Therefore, as the first step toward the application of the turn-of-nut method to bolted timber joints, this study considered a series spring model using the spring constant of bolts and the embedment spring constant of washers as a model for calculating the elastic stiffness of joints during tightening. It further calculated the elastic stiffness of joints during tightening by considering the washer embedment spring constant obtained through washer embedment testing.
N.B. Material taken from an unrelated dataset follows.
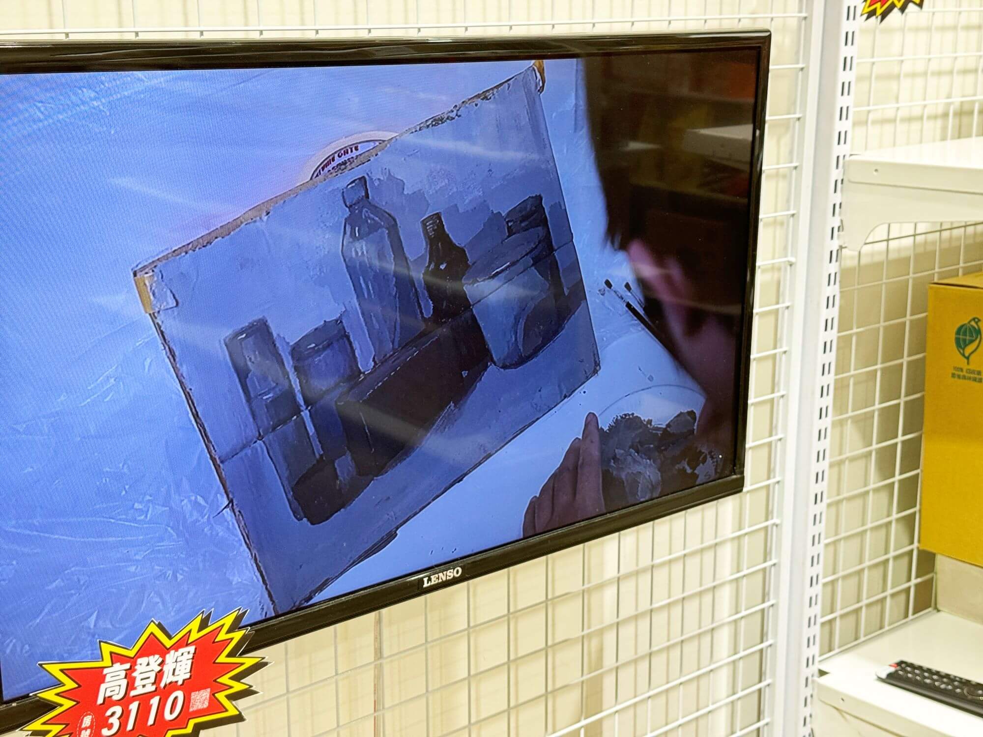 藝術家高登輝運用商品作畫,並錄製「靜物畫教學影帶」循環播放,揭示商品具備藝術與美術教育潛能。圖/板橋435藝文特區提供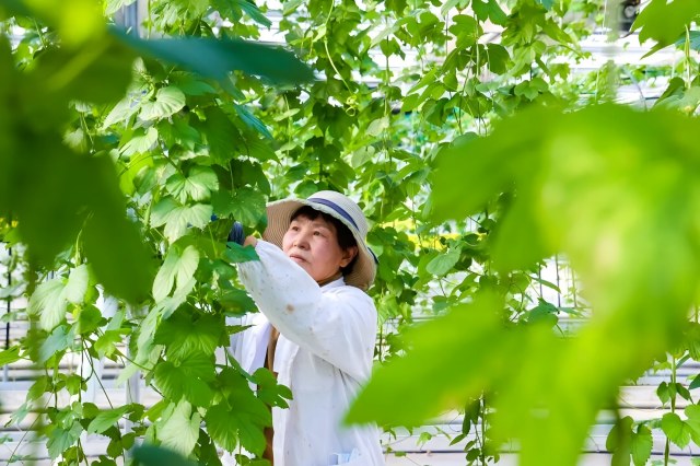 在云臺(tái)農(nóng)場(chǎng)興墾科技的現(xiàn)代智能玻璃溫室大棚里,今年第一茬啤酒花剛剛采收完畢。尚未采收的啤酒花仍在蓬勃生長(zhǎng),一株株順著吊蔓繩向上攀緣。農(nóng)場(chǎng)采用了國(guó)內(nèi)領(lǐng)先的無土栽培模式,以粗細(xì)椰糠為基質(zhì),配合空氣源溫控、漫散射玻璃、水肥一體化滴灌等先進(jìn)技術(shù),精準(zhǔn)復(fù)刻并優(yōu)化了啤酒花的理想生長(zhǎng)環(huán)境。

By comparing this calculation result with the elastic stiffness obtained from the findings of the wood bolt joint tightening tests in [12], the authors ascertained the degree to which the calculated values conform with the test results, and the findings are discussed.

Spring model

The model applies to bolted timber joints, as shown in Fig. 1. Considering the elastic stiffness K_j of a joint during tightening of the bolt as a series spring model using spring constant K_b for the bolt and embedment spring constant K_ew for the washer, the rotation angle φ during tightening can be calculated by the following equation:

Fig. 1

Bolted timber joints and bolt details

$$\varphi =\frac{360}{P}\left(\frac{1}{{K}_{\mathrm{b}}}+\frac{1}{{K}_{\mathrm{ew}}}\right){F}_{b}=\frac{360}{P}\frac{{F}_{\mathrm{b}}}{{K}_{\mathrm{j}}}.$$

(1)

Here, F_b is the axial force and P is the screw pitch.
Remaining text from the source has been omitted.